== STORED DATA

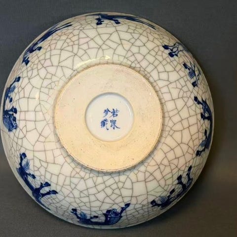 En dyb skål af porcelæn fra Jingdezhen, Kina, dateret til Jiajing-tiden (1522–1566) med underglazeblå dekoration “Galloping Horses Above Wild Sea and Between Fire Clouds – Ming Dynasty – Horses of Wang Mu”, i fremragende stand. Klik på den blå "gå til varen" knap, for at købe eller byde på denne vare. Den samlede pris vil blive vist inden du afgiver dit bud.
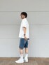 夏のストリートコーデ! ナチュラルな雰囲気を醸し出すストライプ柄のニットシャツになっております! ハーフパンツなので風通しが良く、涼しく過ごせるところが魅力です😄
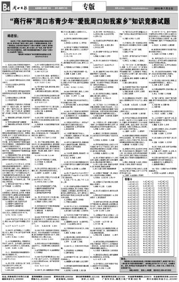 在全市上下深入实践科学发展观、投身追赶跨越式发展宏伟蓝图之际,我市迎来了建市十周年,这是一个崭新的发展机遇,又是一个新的起点。为更好的引领全市广大青少年爱周口、知家乡,团市委联合市委宣传部、市文明办、周口日报社、市广电局,开展“商行杯”青少年知识竞赛活动。现将书面竞赛试题刊登如下,欢迎广大青少年、社会各界广泛参与。
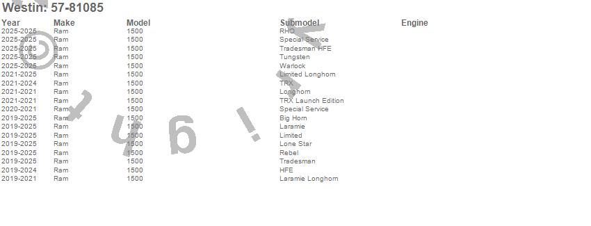 Brand: WestinPart Number: 57-81085Truck Cab Protector/Headache Rack Type: Black Powder CoatUPC: 707742090572

====

**PROMPT**
The answer must be the lines above from the line that contains "在全市上下深入实践科学发展观" to the final line of the data, word for word, with no pictures.

**EXERCISE RESULT**
 在全市上下深入实践科学发展观、投身追赶跨越式发展宏伟蓝图之际,我市迎来了建市十周年,这是一个崭新的发展机遇,又是一个新的起点。为更好的引领全市广大青少年爱周口、知家乡,团市委联合市委宣传部、市文明办、周口日报社、市广电局,开展“商行杯”青少年知识竞赛活动。现将书面竞赛试题刊登如下,欢迎广大青少年、社会各界广泛参与。
 Brand: WestinPart Number: 57-81085Truck Cab Protector/Headache Rack Type: Black Powder CoatUPC: 707742090572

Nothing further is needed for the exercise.